▶ **TRY IT**:
Once you find the line with "To me, it looks" in the entries below, print it and each line after it up to and including the line with "etc), destinate meselor", exactly, without pictures.

▶ **DATASET RECORDS**:
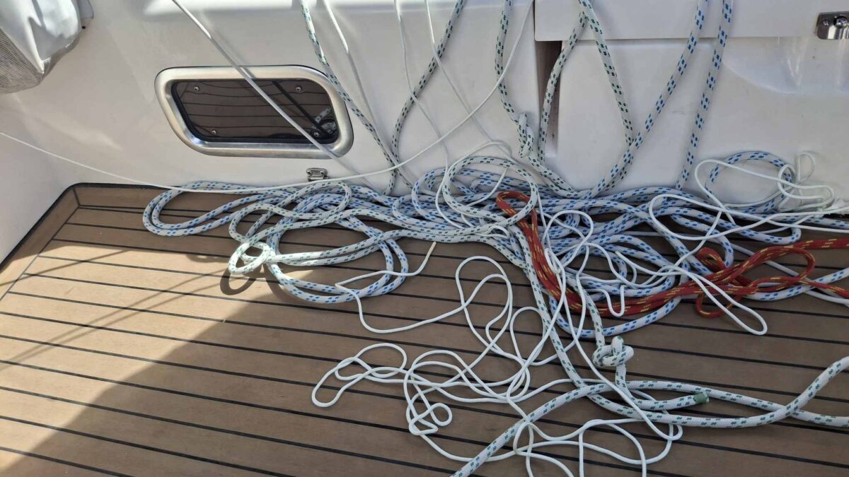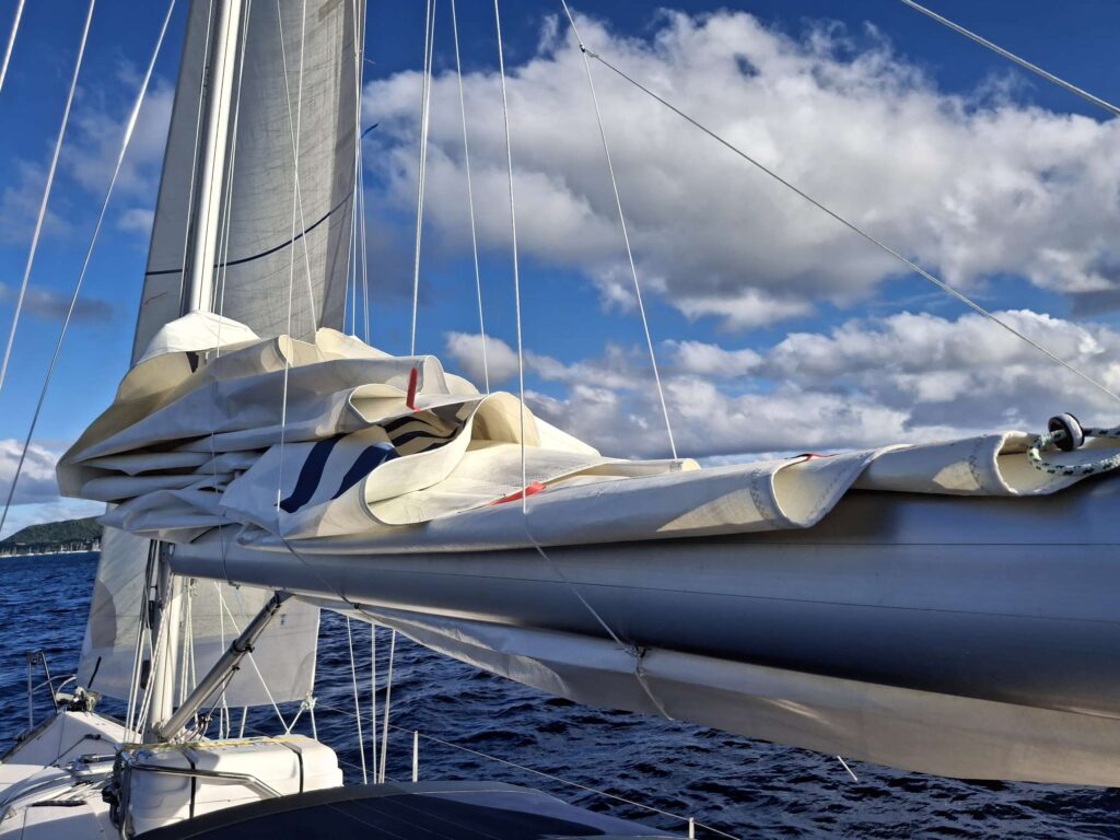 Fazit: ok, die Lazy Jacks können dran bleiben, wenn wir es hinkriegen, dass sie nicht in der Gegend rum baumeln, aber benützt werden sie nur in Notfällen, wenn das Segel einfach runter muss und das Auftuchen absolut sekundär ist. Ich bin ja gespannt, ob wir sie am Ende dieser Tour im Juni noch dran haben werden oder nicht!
--
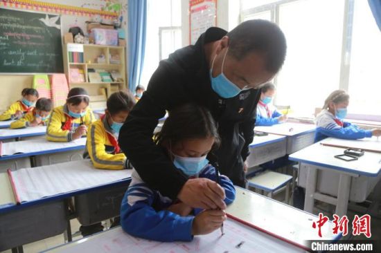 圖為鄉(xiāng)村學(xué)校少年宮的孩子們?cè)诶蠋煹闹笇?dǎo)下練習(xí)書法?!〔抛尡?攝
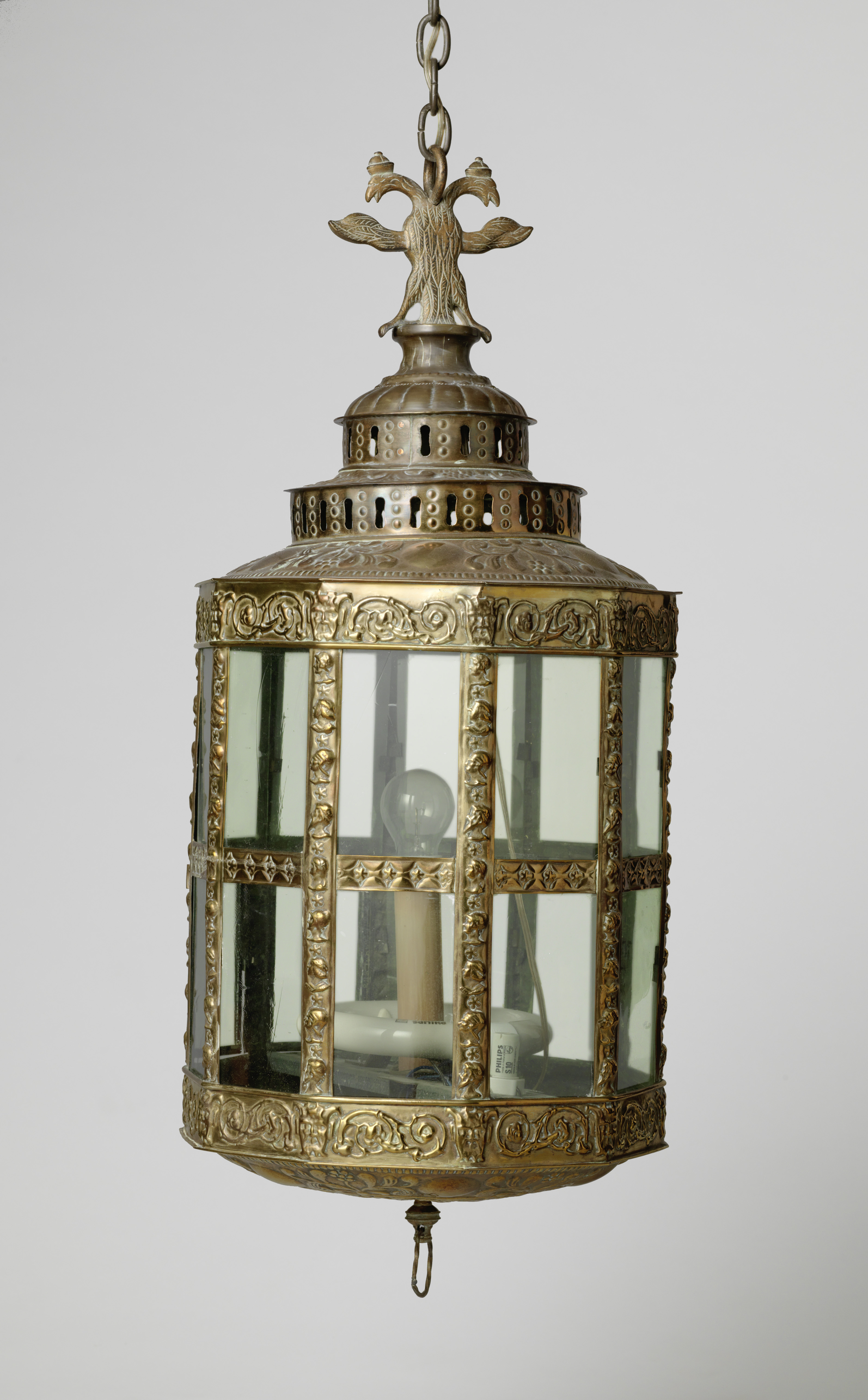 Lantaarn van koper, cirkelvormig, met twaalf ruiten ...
==
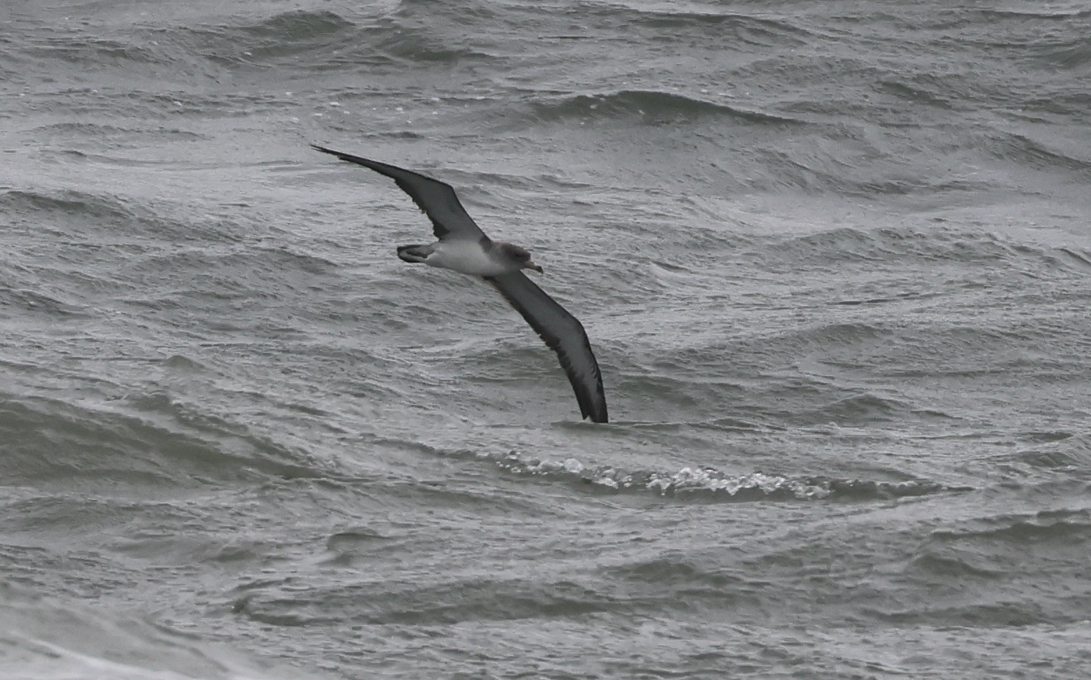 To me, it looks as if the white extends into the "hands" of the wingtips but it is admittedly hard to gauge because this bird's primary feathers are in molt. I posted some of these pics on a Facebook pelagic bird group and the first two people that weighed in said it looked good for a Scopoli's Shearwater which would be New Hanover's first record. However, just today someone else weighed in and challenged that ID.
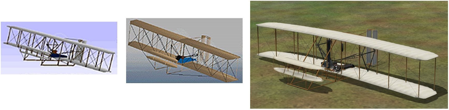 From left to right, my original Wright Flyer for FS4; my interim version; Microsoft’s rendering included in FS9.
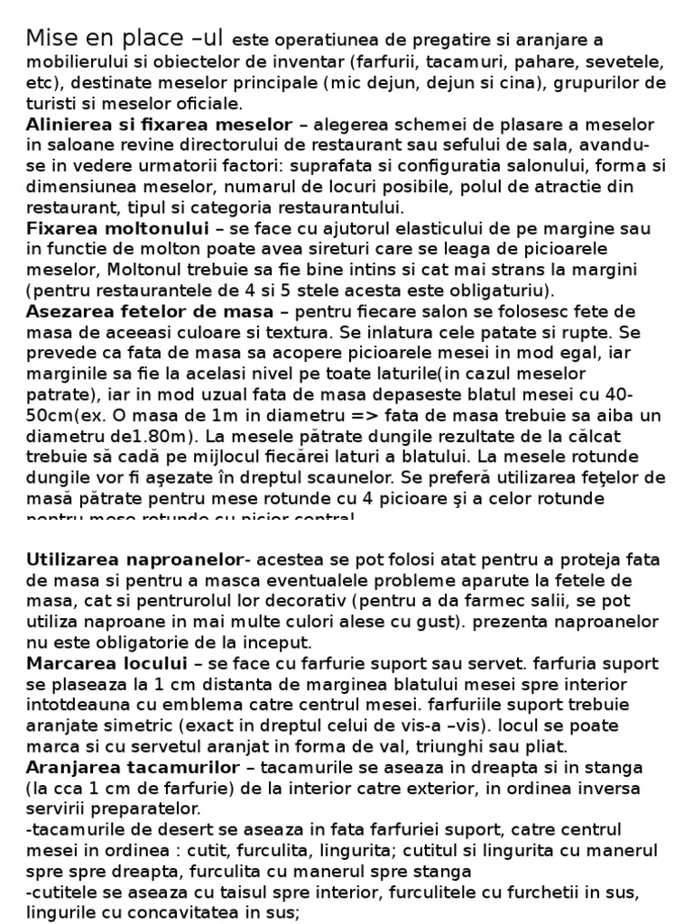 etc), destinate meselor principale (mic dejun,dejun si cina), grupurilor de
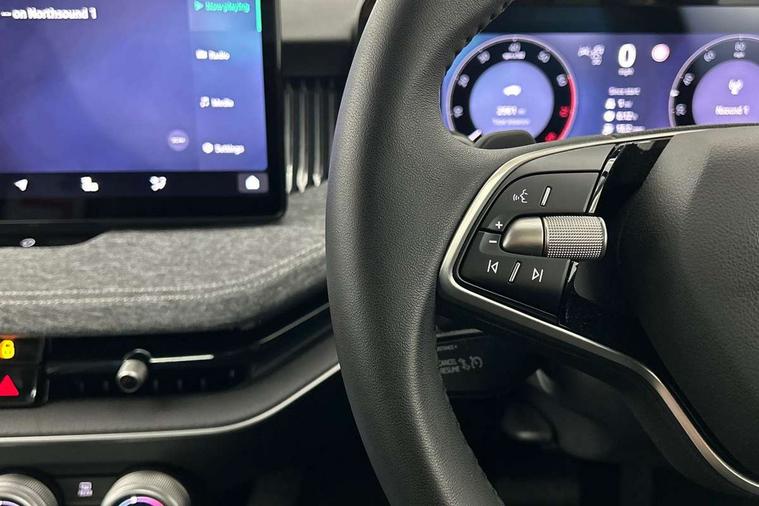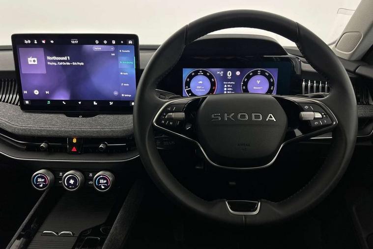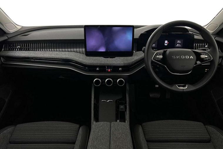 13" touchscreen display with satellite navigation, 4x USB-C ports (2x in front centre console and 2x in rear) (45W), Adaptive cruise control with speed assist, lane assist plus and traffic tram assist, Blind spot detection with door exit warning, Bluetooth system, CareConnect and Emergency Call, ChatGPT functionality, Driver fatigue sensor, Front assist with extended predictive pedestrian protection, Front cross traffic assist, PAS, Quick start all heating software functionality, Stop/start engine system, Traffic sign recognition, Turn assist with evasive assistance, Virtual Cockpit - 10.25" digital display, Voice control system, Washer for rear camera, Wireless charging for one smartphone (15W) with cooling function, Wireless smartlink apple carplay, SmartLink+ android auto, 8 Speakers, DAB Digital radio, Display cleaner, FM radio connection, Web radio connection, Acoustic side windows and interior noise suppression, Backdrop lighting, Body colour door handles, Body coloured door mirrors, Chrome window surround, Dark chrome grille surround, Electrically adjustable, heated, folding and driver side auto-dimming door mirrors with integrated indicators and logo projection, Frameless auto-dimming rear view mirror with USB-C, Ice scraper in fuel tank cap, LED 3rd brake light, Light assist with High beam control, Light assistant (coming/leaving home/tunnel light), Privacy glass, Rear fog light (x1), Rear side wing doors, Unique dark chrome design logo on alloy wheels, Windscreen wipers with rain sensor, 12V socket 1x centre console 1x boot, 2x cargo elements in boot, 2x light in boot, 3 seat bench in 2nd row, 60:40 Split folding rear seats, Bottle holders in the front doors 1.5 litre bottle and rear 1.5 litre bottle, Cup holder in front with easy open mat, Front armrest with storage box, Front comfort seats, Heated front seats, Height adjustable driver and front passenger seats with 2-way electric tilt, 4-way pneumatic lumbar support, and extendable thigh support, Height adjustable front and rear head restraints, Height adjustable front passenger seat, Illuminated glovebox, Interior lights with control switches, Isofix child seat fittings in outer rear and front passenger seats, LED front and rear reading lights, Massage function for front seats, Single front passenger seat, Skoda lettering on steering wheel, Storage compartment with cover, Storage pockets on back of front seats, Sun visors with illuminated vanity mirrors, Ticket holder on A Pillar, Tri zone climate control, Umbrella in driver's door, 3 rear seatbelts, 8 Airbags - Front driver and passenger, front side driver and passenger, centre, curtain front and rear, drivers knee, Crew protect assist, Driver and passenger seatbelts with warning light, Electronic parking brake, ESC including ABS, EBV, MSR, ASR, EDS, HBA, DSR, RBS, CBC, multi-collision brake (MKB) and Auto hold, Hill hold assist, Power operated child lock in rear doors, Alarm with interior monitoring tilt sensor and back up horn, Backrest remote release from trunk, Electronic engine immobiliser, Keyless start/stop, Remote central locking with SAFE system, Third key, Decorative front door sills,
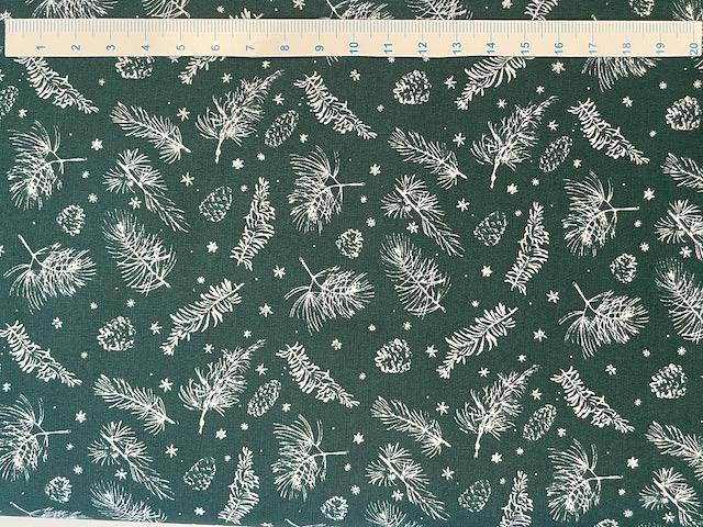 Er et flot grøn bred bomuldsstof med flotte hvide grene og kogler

▶ **TASK RESPONSE**:
 To me, it looks as if the white extends into the "hands" of the wingtips but it is admittedly hard to gauge because this bird's primary feathers are in molt. I posted some of these pics on a Facebook pelagic bird group and the first two people that weighed in said it looked good for a Scopoli's Shearwater which would be New Hanover's first record. However, just today someone else weighed in and challenged that ID.
 From left to right, my original Wright Flyer for FS4; my interim version; Microsoft’s rendering included in FS9.
 etc), destinate meselor principale (mic dejun,dejun si cina), grupurilor de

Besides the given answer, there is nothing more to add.